Casts, overflows and demonstrations
bearophile
bearophileHUGS at lycos.com
Tue Jun 5 16:12:49 PDT 2012
This is a reduced part of some D code:
import std.bigint, std.conv, std.algorithm, std.range;
void foo(BigInt number)
in {
assert(number >= 0);
} body {
ubyte[] digits = text(number + 1)
.retro()
.map!(c => cast(ubyte)(c - '0'))()
.array();
// ...
}
void main() {}
The important line of code adds one to 'number', converts it to a
string, scans it starting from its end, and for each char (digit)
finds its value, removing the ASCII value of '0', and casts the
result to ubyte.
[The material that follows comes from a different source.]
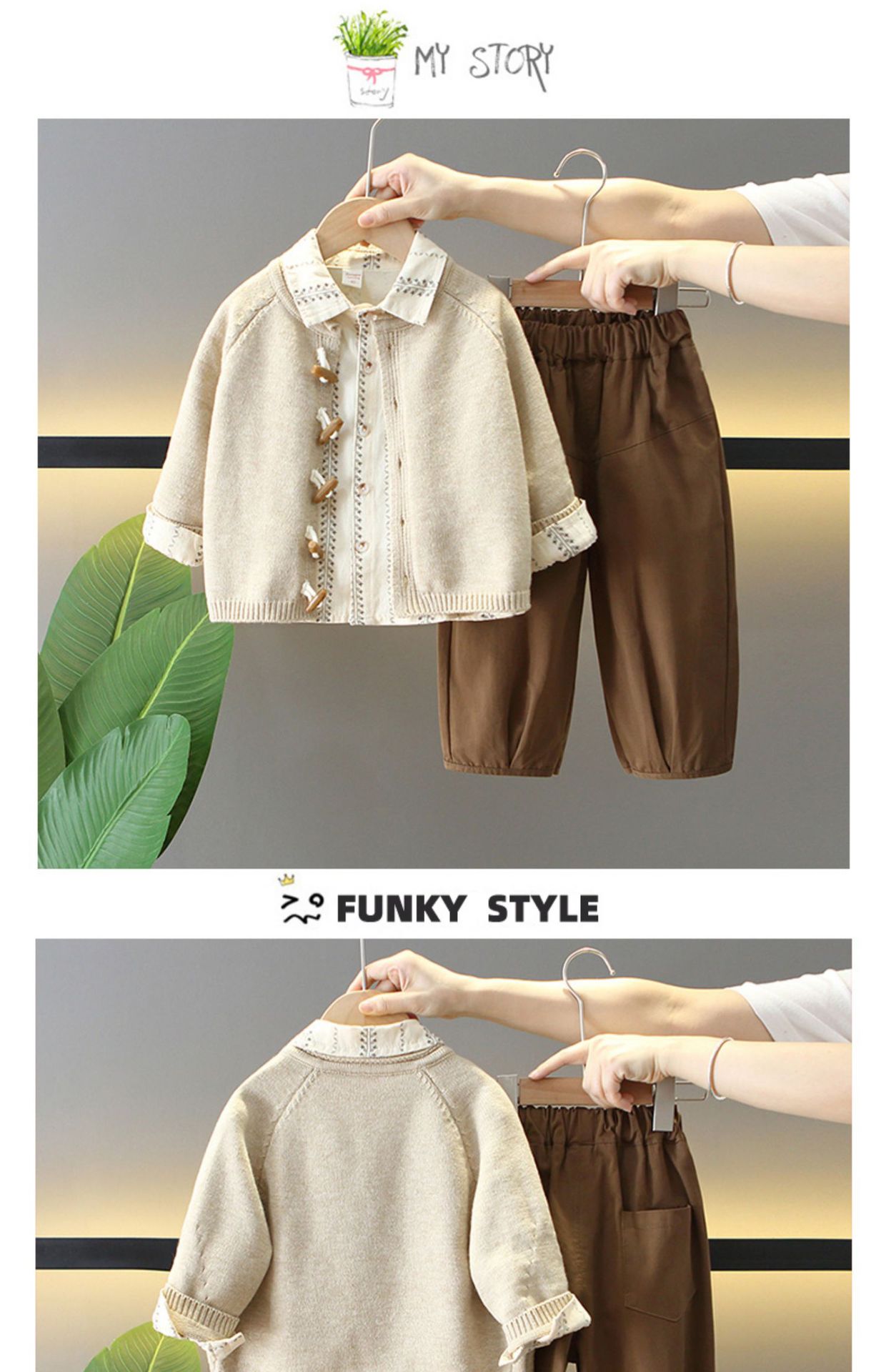 6147 Traje de otoño para niños 2025 Nuevo estilo Estilo occidental Chaqueta de suéter para niños Traje de tres piezas Ropa de primavera y otoño para niños
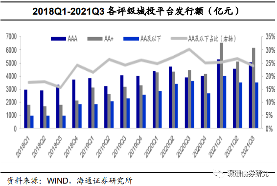 2021年以来,AA及以下发行缩减,区县发行缩减。

Then converts the lazy range to an array, an
ubyte[].
The cast in the D code is needed because 'c' is a char. If you
remove '0' from a char, in D the result is an int, and D doesn't
allow to assign that int (I guess the compiler performs range
analysis on the expression, so it knows the result can be
negative too) to an ubyte, to avoid losing information.
Casts are dangerous so it's better to avoid them where possible.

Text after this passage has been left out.